Skripsi
PENGISIAN KEKOSONGAN JABATAN KEPALA DAERAH PADA PELAKSANAAN PILKADA SERENTAK TAHUN 2024
Penelitian berjudul "Pengisian Kekosongan Jabatan Kepala Daerah Pada Pelaksanaan Pilkada Serentak Tahun 2024" membahas permasalahan kekosongan jabatan kepala daerah yang terjadi sebelum pelaksanaan Pilkada serentak tahun 2024 di Indonesia. Penulis menguraikan urgensi pengisian jabatan kepala daerah yang kosong, mekanisme pengisian jabatan tersebut, serta akibat hukum dihasilkan dari kebijakan pengisian kekosongan jabatan kepala daerah pada pelaksanaan pilkada serentak tahun 2024. Penelitian ini menggunakan metode normatif dengan pendekatan peraturan perundang-undangan dan kajian pustaka, serta mengacu pada sumber hukum primer, sekunder, dan tersier.

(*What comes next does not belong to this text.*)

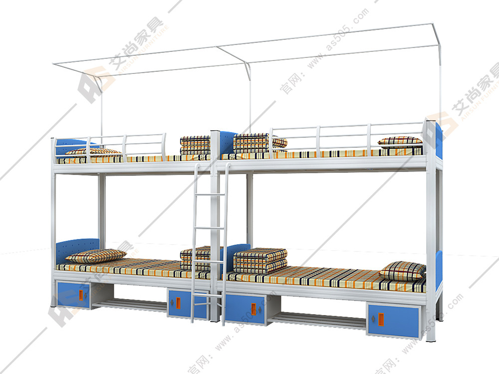 艾尚家具的宿舍家具都是可定制的,如果需要定制的客户我们会有专门的人员去到现场测量房间尺寸,每测量一处都会与相关负责人员及时说出设计想法,也会一起讨论,尽量做到客户满意。艾尚家具宿舍床是全冷轧钢制造的!连接方式是卡式连接,不加螺丝,无噪音!如果客户需要我们也有配套的衣柜、鞋柜、床头柜、办公桌、椅子、床垫还有床板,这些都是客户自由选择搭配的,多种款式,花样配套!

Analisis dilakukan secara deskriptif analitis dengan teknik deduktif untuk menarik kesimpulan. Urgensi pengisian kekosongan jabatan kepala daerah iní didorong oleh kebutuhan keberlangsungan pelayanan publik dan kestabilan pemerintahan di daerah yang mengalami kekosongan jabatan. Melalui Peraturan Menteri Dalam Negeri Nomor 4 Tahun 2023 telah diatur mengenai penjabat kepala daerah. Mekanisme yang diterapkan mencakup penunjukan penjabat yang bertugas mengisi jabatan kepala daerah hingga pelaksanaan Pilkada serentak. Lahirnya peraturan tersebut membuat pemerintah pusat memiliki kewenangan penuh untuk melakukan penunjukan penjabat kepala daerah. Pengisian kekosongan jabatan kepala daerah melalui penjabat kepala daerah juga mempunyai akibat hukum yang belum jelas terkait pertanggung jawaban penjabat dan larangan penjabat melakukan mutasi jabatan pada lingkungan pemerintahan daerah baik Provinsi maupun Kabupaten/Kota dikarenakan Penjabat masih dapat melakukan mutasi dengan persetujuan tertulis dari Menteri dalam negeri.